On Fri, Jul 11, 2008 at 10:03 PM, Rick Moen <rick at linuxmafia.com> wrote:
> Quoting Ben Tilly (btilly at gmail.com):
>
>> However that said, it would be well within the rights of a company to
>> release their software with a requirement to maintain their trademark
>> and a restriction that you could not use it for certain commercial
>> purposes.  Which would be more troublesome.
>
> Mentioning a trademark as required by licence does not constitute
> using it in commerce (let alone in a fashion that makes it likely that
> competing goods or services are likely to cause confusion in the minds
> of the trademark-owning firm's customers).

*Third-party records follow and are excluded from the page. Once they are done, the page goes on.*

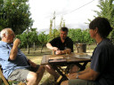 Weinprobe auf Neuseeland. Winzer Kai Schubert hat ein ehrgeiziges Projekt: Aus einer ehemaligen 40 Hektar großen Schafweide einen florierenden Weinbetrieb aufzubauen. Mit Lebensgefährtin Marion Deimling und einem Nachbarn verkostet er die ersten Proben. Bild: ZDF und Ralf Dilger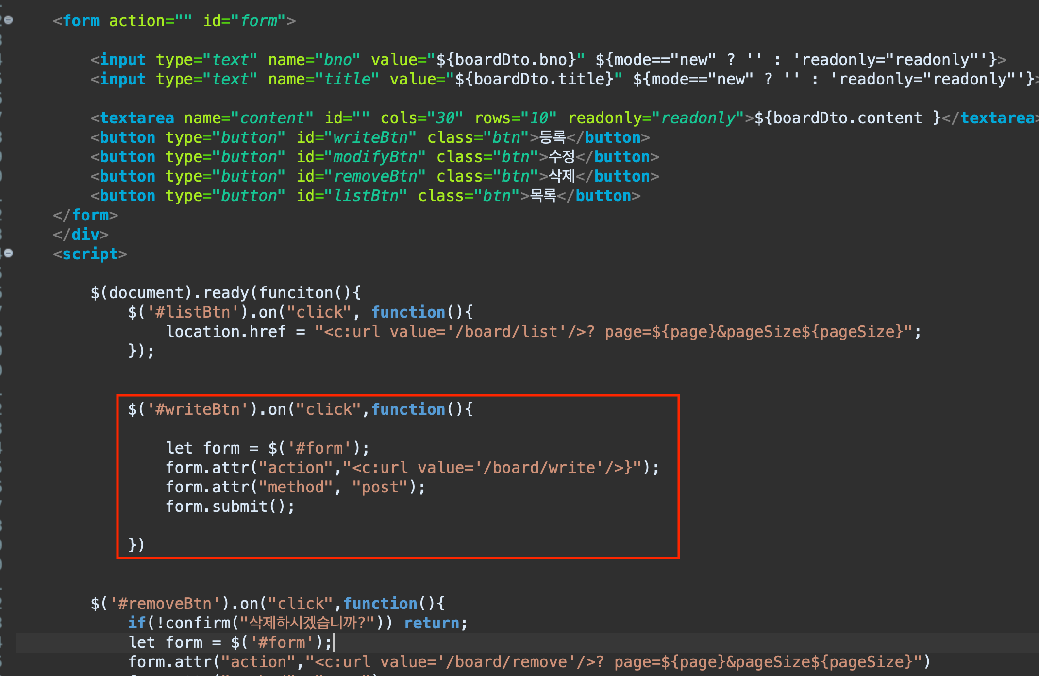(3) board.jsp + readonly 2가지 구분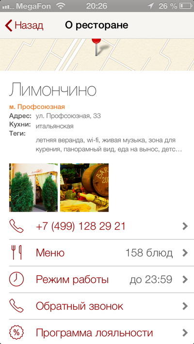 Помимо меню есть вся необходимая информация о самих ресторанах: время работы, фото интерьера, телефон, адрес, схема проезда. Одним нажатием на кнопку можно забронировать столик или заказать «обратный звонок» администратора, если вам надо поговорить «вживую», а дозвониться не удалось.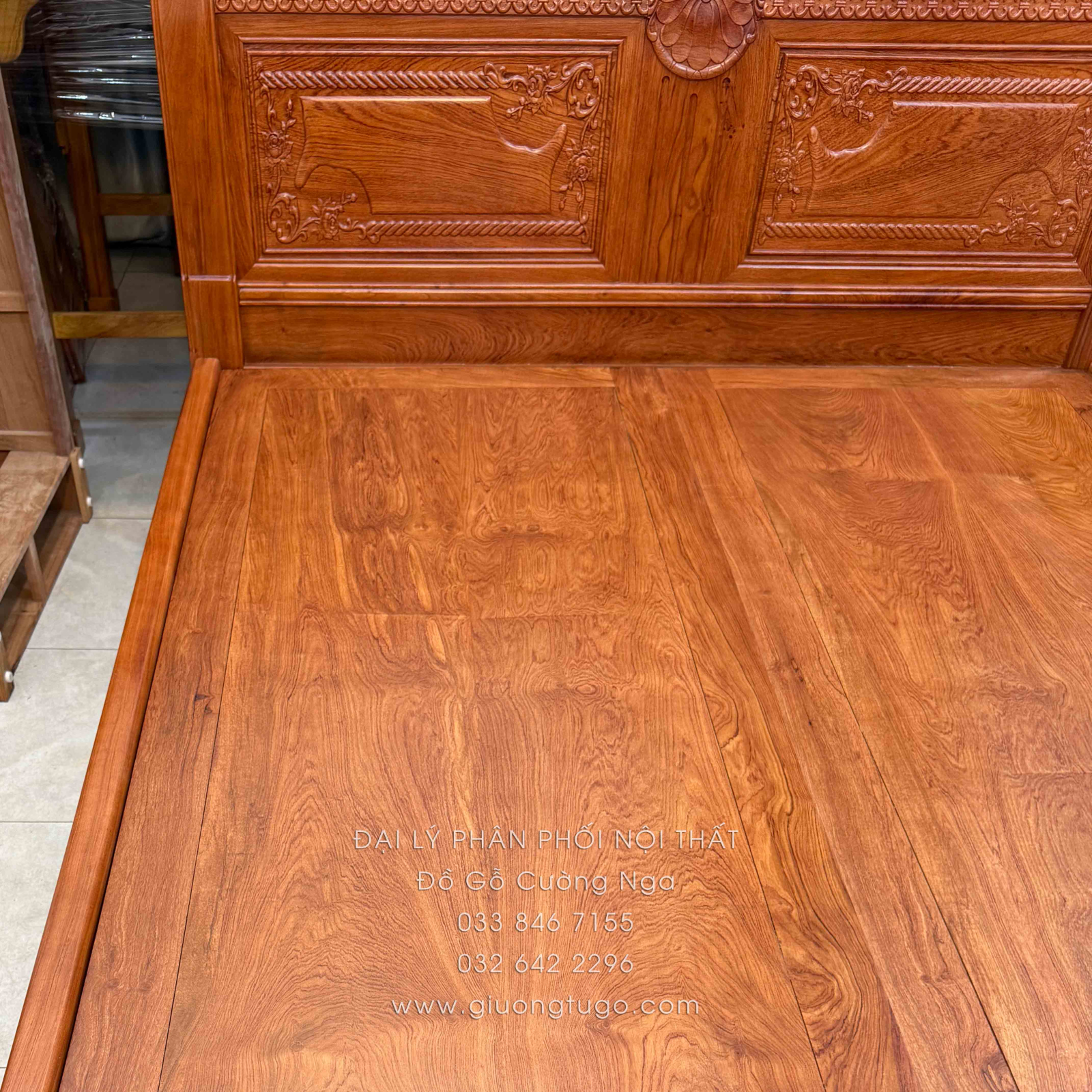 Thông tin chi tiết Giường Ngủ Gỗ Hương Đá Cao Cấp - Phản Liền Tấm - Họa Tiết Xẻ Quạt
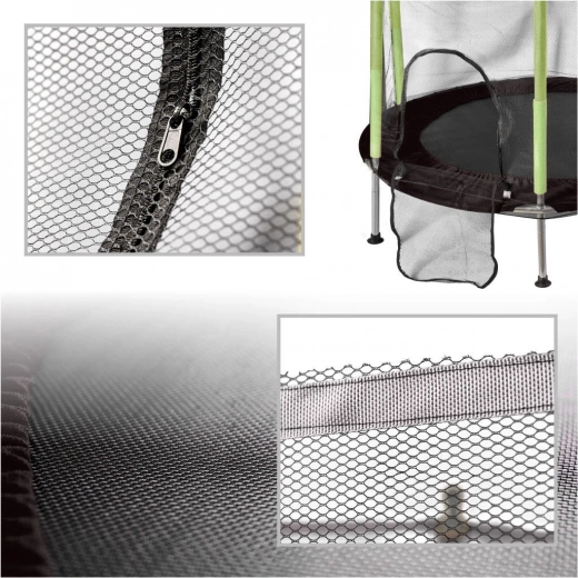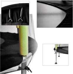 Le filet de protection entoure fermement la surface de saut et l’entrée à double fermeture éclair empêche toute ouverture involontaire. Les manchons en mousse sur les poteaux protègent des chocs pour que les enfants puissent jouer en toute tranquillité.

No, but requiring mention of a trademark and denying the use of that
trademark for certain commercial purposes would result in not meeting
OSD #6.

> We went through this regarding the first-generation badgeward licences,
> didn't we?  It's often (as per the wording of such agreements)
> misleading and annoying, but not a bar to lawful commercial use of
> derivative works.

Depending on how the license is written, yes.

> [A past incident:]
>
>> Glancing at those that truly seems to be an annoying situation to have
>> been in.
>
> As it turned out:  1. The other guy brandished a sabre.  2.  We said, to
> paraphrase, "Lo!  Note yonder imaginary sabre."  3.  The other guy
> quietly went away.  Naturally, it is not always thus.  Browsing the
> Berkman Center's trademark topic database at
> http://www.chillingeffects.org/trademark/ is useful.

Ah yes.  There are the rights you have, and the rights you can
*convince* other people you have.  Personally I would like to see a
legal system where lawyers could be disbarred for trying to lead
people to believe they didn't have rights that the lawyer should have
known the person had.  I think this would result in a lot more care on
the part of lawyers and I think that would be a good thing.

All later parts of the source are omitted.